Третий визит нужно было сделать одному бывшему влиятельному лицу в городе.
Пока я дошел до него — уже совсем почти смерклось. На бульваре попались два-три чиновника с женами, а за бульваром пошли заборы и фабрики; улица усажена липами; у ворот большого каменного дома толпятся люди. Я подошел к одному, дворнику, и спросил: «Дома ли**?» Дворник пристально посмотрел мне в лицо и тоже спросил:
— Ты от кого?
— Сам от себя.
— Зачем?
— Дело есть.
— К самому?
— К самому.
— Сам-то он у нас не любит, у нас все в контору! Ну, да вот я как тебе скажу.
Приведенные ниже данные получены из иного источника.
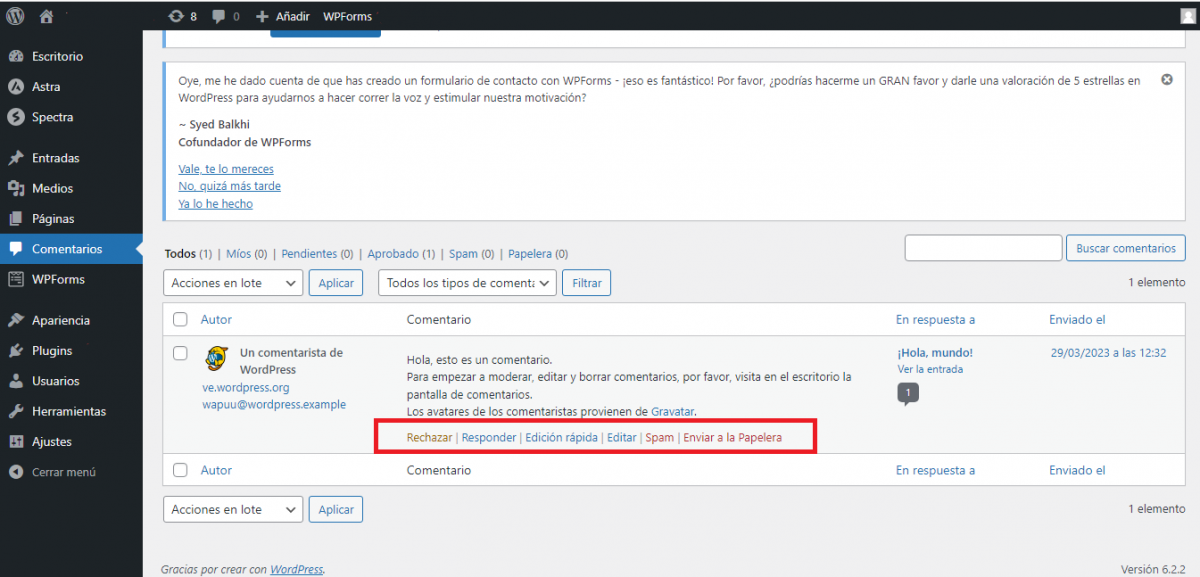 In this section you will see all the comments entered on your website in chronological order. Below the content of each comment, you'll see a menu where you can approve, reply to, or mark each entry as spam, among other actions, at your discretion.

Слушай! Коли хочешь ты себе добра, — ступай ты, — вон видишь подъезд, — стань ты у подъезда и дожидайся. Он сейчас выйдет, — вон лошадь подана. Как выйдет, чтобы ты был тут безотменно и сейчас можешь просить, что тебе нужно. Ну не мешкай, ступай! Я вижу, ты парень хороший.
Поблагодарив дворника за добрый совет, я, однако, вошел на крыльцо и позвонил. Вышел лакей.
— Дома?
— Пожалуйте! Я сейчас узнаю.
Я вошел в приемную, большую комнату с лоснящимся полом, старинной мебелью и фарфоровыми игрушками на горках. Лакей пошел с принесенным мною письмом и через несколько минут возвратился, говоря, что скоро выйдут, — занимаются. В ожидании выхода я стал ходить по комнате. Из приемной дверь отперта в большую залу, выкрашенную желтой краской, на стенах газовые рожки и узенькие старинные зеркала в позолоченных рамах, пахнет киндер-бальзамом. Минут через десять вышел ко мне человек лет сорока пяти, с небольшой лысиной и недоумевающим лицом, держа в руках мое рекомендательное письмо. Мы вошли в залу и сели у окна.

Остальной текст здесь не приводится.